Aktivkohlefilter sind keine Wunderlösung, aber sie können den Rauchgenuss deutlich verbessern. Sie filtern Schadstoffe heraus, ohne das THC zu beeinträchtigen, und sorgen für ein klareres, sanfteres High. Nachteile wie Preis und Größe sind eher nebensächlich im Vergleich zu den gesundheitlichen und geschmacklichen Vorteilen.

Darüber hinaus überzeugen sie durch angenehmeren Zug, weniger Kratzen im Hals und eine spürbare Entlastung für die Atemwege. Besonders regelmäßige Konsumenten profitieren langfristig von der reduzierten Schadstoffaufnahme. Ob Purize, ActiTube, Kailar oder Hybridfilter – jede Variante hat ihre Stärken, und ein Test lohnt sich in jedem Fall.

Am Ende bleibt der Einsatz von Aktivkohlefiltern eine persönliche Entscheidung, doch wer einmal den Unterschied erlebt hat, möchte meist nicht mehr zurück zu herkömmlichen Pappfiltern.

Fragen und Antworten – Filter mit Aktivkohle für Joints

Filtern Aktivkohlefilter THC heraus?

Nein, das High bleibt gleich. Die Aktivkohle bindet vor allem Teer und Schadstoffe, nicht aber THC oder andere Cannabinoide.

Sind Aktivkohlefilter wirklich gesünder?

Sie reduzieren Schadstoffe, aber Rauchen bleibt ungesund. Dennoch kann die Belastung für Lunge und Hals spürbar verringert werden.

Kann man einen Filter mehrmals benutzen?

Ja, die Filter können laut Hersteller bis zu dreimal verwendet werden. Jedoch kann die Wiederverwendung die Filterleistung mindern und unangenehm schmecken.

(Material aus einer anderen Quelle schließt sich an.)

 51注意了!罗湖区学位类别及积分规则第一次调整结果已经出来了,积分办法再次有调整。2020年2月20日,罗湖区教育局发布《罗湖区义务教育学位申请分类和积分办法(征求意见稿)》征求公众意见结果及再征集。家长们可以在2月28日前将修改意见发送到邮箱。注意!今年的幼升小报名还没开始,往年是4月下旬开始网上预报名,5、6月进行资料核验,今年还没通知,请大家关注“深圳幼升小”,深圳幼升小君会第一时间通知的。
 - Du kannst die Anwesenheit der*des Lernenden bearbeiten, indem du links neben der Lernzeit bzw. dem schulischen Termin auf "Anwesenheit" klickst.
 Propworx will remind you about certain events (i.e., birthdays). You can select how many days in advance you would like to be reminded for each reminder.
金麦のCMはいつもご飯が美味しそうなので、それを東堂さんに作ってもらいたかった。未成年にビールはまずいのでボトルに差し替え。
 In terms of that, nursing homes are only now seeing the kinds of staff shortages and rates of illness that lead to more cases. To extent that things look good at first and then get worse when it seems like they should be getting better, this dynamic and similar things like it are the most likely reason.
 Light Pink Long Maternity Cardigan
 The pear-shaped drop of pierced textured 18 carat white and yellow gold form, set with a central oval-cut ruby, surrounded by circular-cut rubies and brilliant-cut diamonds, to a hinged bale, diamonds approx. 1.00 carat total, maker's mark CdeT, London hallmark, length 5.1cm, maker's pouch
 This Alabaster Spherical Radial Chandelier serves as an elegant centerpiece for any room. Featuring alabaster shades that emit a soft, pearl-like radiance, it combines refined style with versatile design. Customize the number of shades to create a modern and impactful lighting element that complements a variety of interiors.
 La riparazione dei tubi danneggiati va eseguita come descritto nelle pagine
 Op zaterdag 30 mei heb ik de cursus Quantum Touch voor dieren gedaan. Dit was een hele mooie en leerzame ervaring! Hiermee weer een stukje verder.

Passen die Filter auch in Bongs oder Pfeifen?

Ja, es gibt spezielle Adapter für Pfeifen und Bongs. Besonders die Regular-Größen von ActiTube oder Purize sind dafür geeignet.

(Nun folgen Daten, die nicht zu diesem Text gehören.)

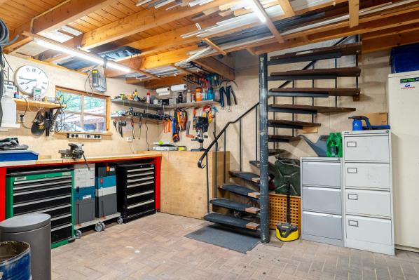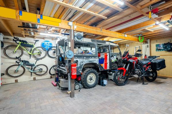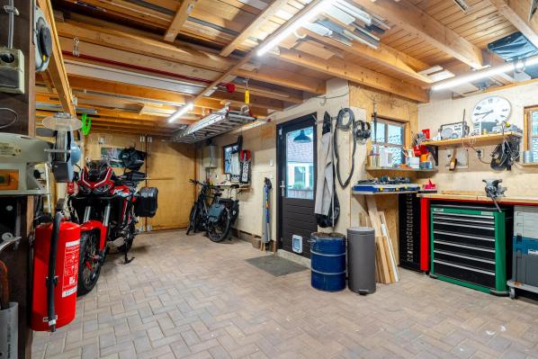 Garage oppervlak: ca. 55 m² beneden + 28 m² boven (woongebruik)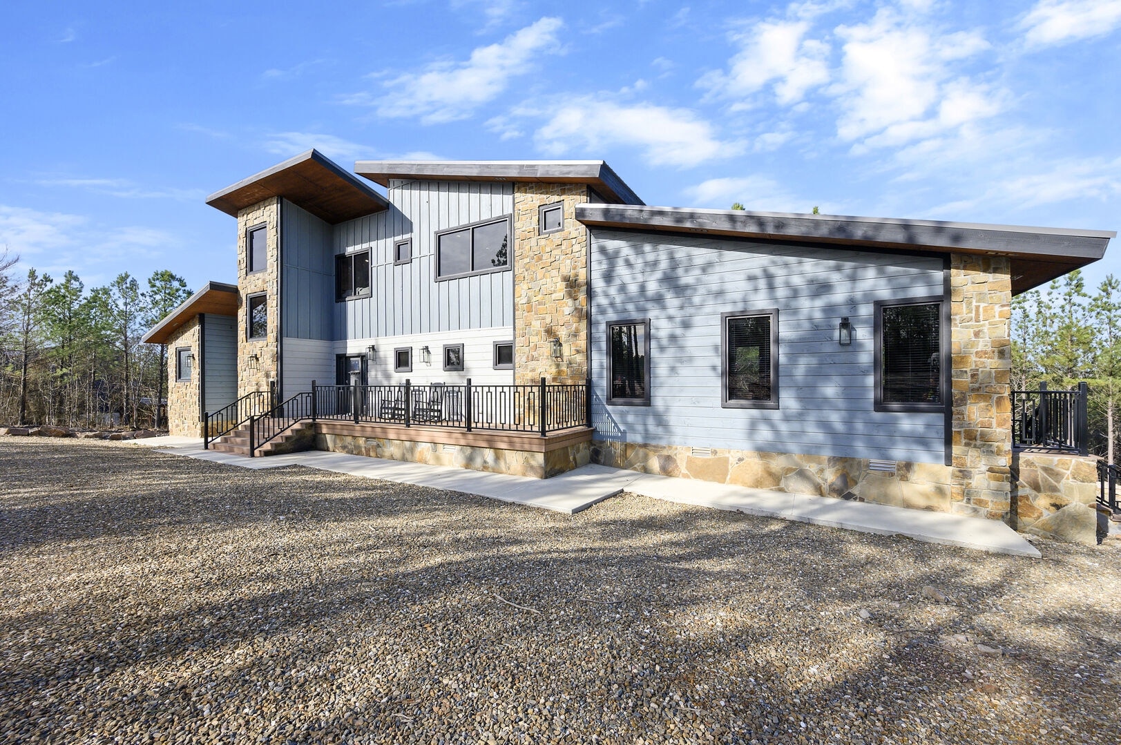 “Whole Lotta Luk” is your winning number! New modern luxury cabin in Broken Bow, If you want to feel like you won the lottery, A beautiful open spacious floor plan, with 3 king ensuite master bedrooms and a bunkroom/game room, you will find plenty of amenities! The game room, with 4 video arcade games, foosball, and a shuffleboard table, will sure to be a source of fun and laughter. The set of queen bunks or the three fulls will provide comfortable recharging stations at the end of an excitement filled day with sleeping for 12. The sectional and the tv are another source of comfort and entertainment. All of this and a full bathroom provided in an open roomy area make the game room a winner. The downstairs king master suite has a shower and a soaker tub. The bedroom rugs will have you curling your toes to the plush comfort. Upstairs you will be greeted by the landing and the view over the living room and the many large windows. There is a queen sleeper sofa in the loft with sleeping for 2. Two more king master suites upstairs provide the guests with more luxury in the bedroom and bathroom. The night stands have usb ports for charging and all three bedrooms have large closets.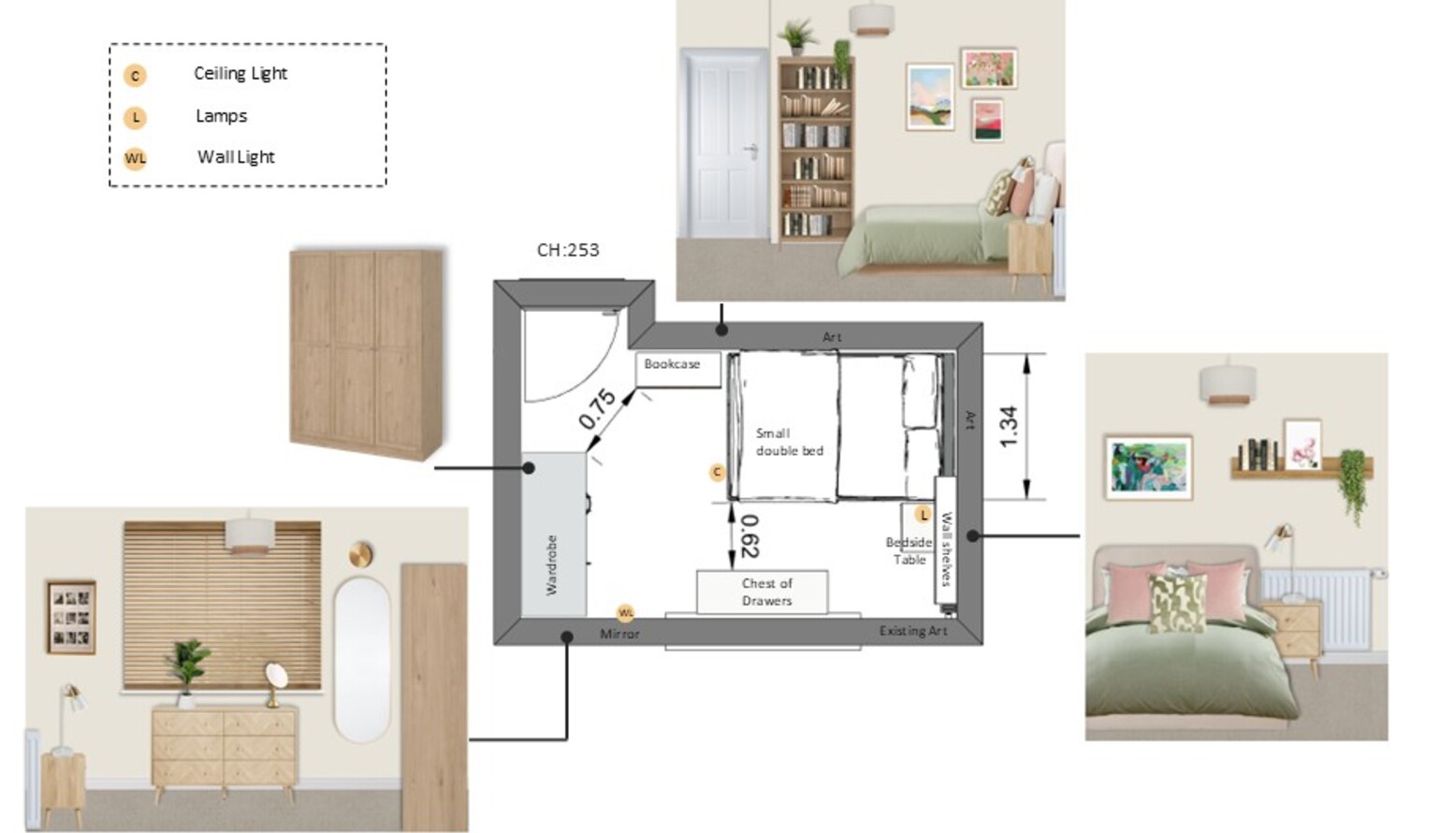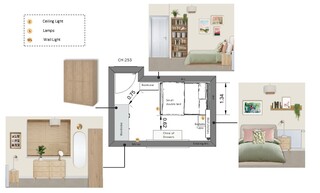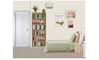 Functional elements like a wardrobe and a bookcase in matching oak finish blend seamlessly with the overall design, providing ample storage while maintaining a stylish aesthetic. Every piece, from the bedding to the art, has been thoughtfully selected to create a harmonious and unique sanctuary.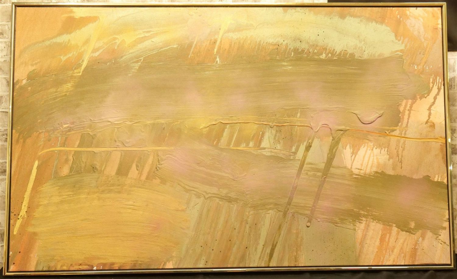 Oversized Abstract Oil on Canvas by Francine Tint (1943-). Entitled "Lady Luck". Dated 1991. Signed on Back. Framed. Measures 40" tall x 65.5" wide. New York-based painter, Francine Tint, has been a working artist since the early 70s. Tint’s artistic career began as a successful costume designer and fashion stylist – working for David Bowie, Ridley Scott, and Entertainment and Sports Programming Network (ESPN), among others. After enduring a series of losses, Tint’s life took on a different meaning with dedication solely to painting. Impediments impede, but they can also inspire. Working as a stylist by day, and a painter by night, Tint developed her own method of large-scale, color-based painting. Tint’s work continues to be shown widely, both nationally and internationally. Her tireless trajectory of artistic experimentation has made her work sought after by both private collectors and institutions. Tint is held in the permanent collection of over 28 museums, including The Neuberger Museum of Art, The Heckscher Museum of Art, The Portland Museum of Art (among the Clement Greenberg Collection), and The Krannert Art Museum, to name a few. Francine Tint continues to paint today and conducts abstract painting workshops at The Art Students League of New York. All invoices must be paid within 24 hours of the sale. We offer multiple shipping options, please read the terms as they have changed. We also offer Pick-Ups on Thursday, Friday, Saturday, and Monday immediately following the sale. BY APPOINTMENT ONLY. PLEASE READ THE NEW TERMS!!!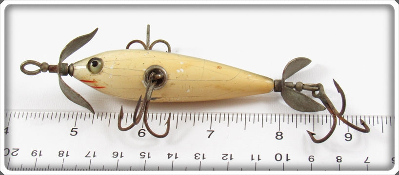 South Bend White Blended Green Back Early Three Hook Underwater Minnow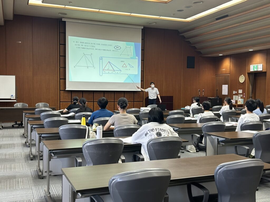 夏の特訓では、入試制度の説明から始まり、各科目1時間ずつ模擬テスト形式の問題に取り組みながら、勉強のやり方や今後の対策について講義を行いました。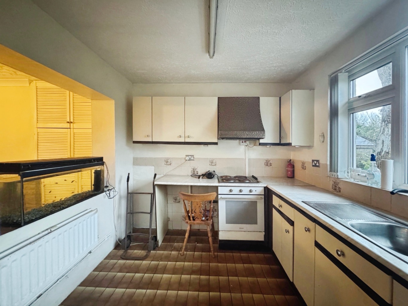 Adjacent to the living area is the kitchen/breakfast room, a practical space that holds the promise of countless delicious meals and morning coffees. While it currently awaits modernisation, envision the joy of designing a kitchen that perfectly suits your culinary adventures, a place where functionality meets your aesthetic desires. The ground floor also thoughtfully includes a four-piece bathroom suite, providing essential convenience and comfort.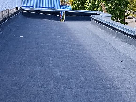 Подрядной организацией ООО «РЕМСТРОЙДЕТАЛЬ» проведены работы по ремонту скатной крыши, а именно: провели замену обрешетки, пропитали огнебиозащитным составом, утеплили покрытие плитами из минеральной ваты, установили пароизоляционную пленку, смонтировали кровлю из профильного листа. По ремонту мягкой кровли - проведена стяжка цементно –песчаной смесью, укладка нижнего и верхнего слоя линокрома.

Wie sollte man Aktivkohlefilter lagern?

Am besten trocken und luftdicht, da Feuchtigkeit die Poren der Aktivkohle verstopfen und die Filterwirkung reduzieren kann. Ein verschließbarer Beutel oder Glasbehälter ist ideal.

Können Aktivkohlefilter platzen oder undicht werden?

Selten, aber möglich – etwa bei zu hoher Hitze oder zu festem Stopfen. Daher beim Drehen darauf achten, den Filter nicht zu stark zu pressen.

Verändert ein Aktivkohlefilter den Geschmack des Joints?

Ja – aber positiv. Der Rauch schmeckt klarer und aromatischer, da störende Verbrennungsrückstände herausgefiltert werden.

Sind Aktivkohlefilter auch für CBD-Joints geeignet?

Absolut. Gerade bei CBD-Blüten, die oft etwas harscher schmecken, sorgt die Aktivkohle für einen deutlich sanfteren und angenehmeren Rauch.